7. The petition for a provisional injunction should be dismissed.
Given that the present case has already been adjudicated and no necessity for provisional measures exists, the petition for a provisional injunction shall be dismissed.
V. Conclusion
In conclusion, Disputed Provisions 1 and 5, which transform the Irrigation Associations into government agencies, do not contravene the principle of clarity and definiteness of law. Disputed Provisions 1 and 7 do not infringe the freedom of association protected under Article 14 of the Constitution for former members of the Irrigation Associations. Disputed Provisions 5 and 6 do not violate the property rights safeguarded by Article 15 of the Constitution. Disputed Provision 7 does not contravene the principles of non-retroactivity of law or the protection of legitimate expectations. Disputed Provisions 2, 3, and 4 do not violate Paragraphs 3 and 4 of Article 3 of the Additional Articles of the Constitution.
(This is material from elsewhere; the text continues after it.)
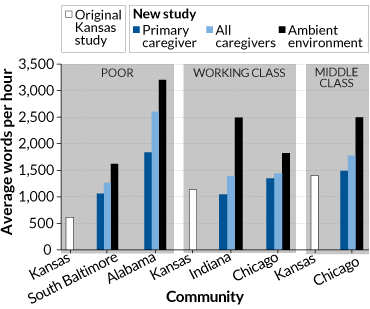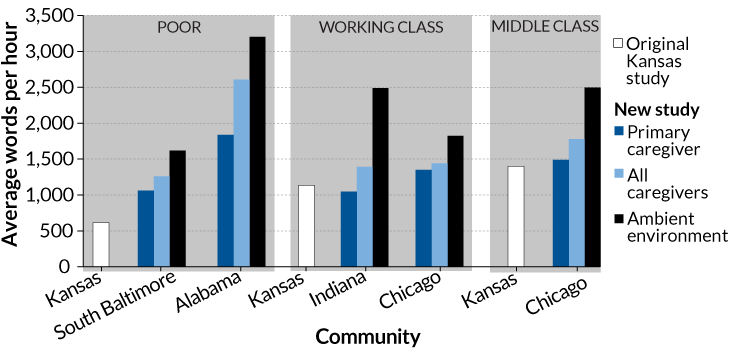 Primary caregivers in poor, black Alabama families directed an average of 1,838 words per hour to their children, close to the corresponding figure of 2,153 words per hour for high-income, white caregivers in Kansas in the original word-gap study. The earlier study reported that primary caregivers on welfare in Kansas spoke an average of 616 words per hour to their children, about one-third the total spoken to poor, black children in the new study. Primary caregivers from working-class and middle-class families in the new study uttered an average of 1,048 to 1,491 words per hour to youngsters.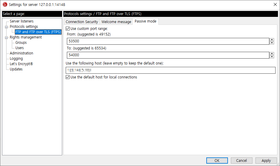 그리고 위에서 설정한 패시브 포트를 아래와 같이 지정해 주면 끝입니다.

The petition for provisional measures shall be dismissed.
In summary, since the implementation of the public irrigation system in 1901 during the Japanese colonial period, Taiwan’s agricultural irrigation organizations have undergone various operational models, including public irrigation, public ponds and canals associations, government-established ponds and canals, and water irrigation associations. After being taken over by the Nationalist Government, these organizations have continued to evolve, operating under different models such as water irrigation associations, agricultural irrigation associations, water irrigation committees, and various forms of irrigation associations. From a constitutional perspective, whether organized as public juridical persons or government agencies, these structures represent policy choices made in response to changing times and circumstances. The appropriateness of such choices falls within the realm of political judgment, rather than constituting an issue of constitutionality.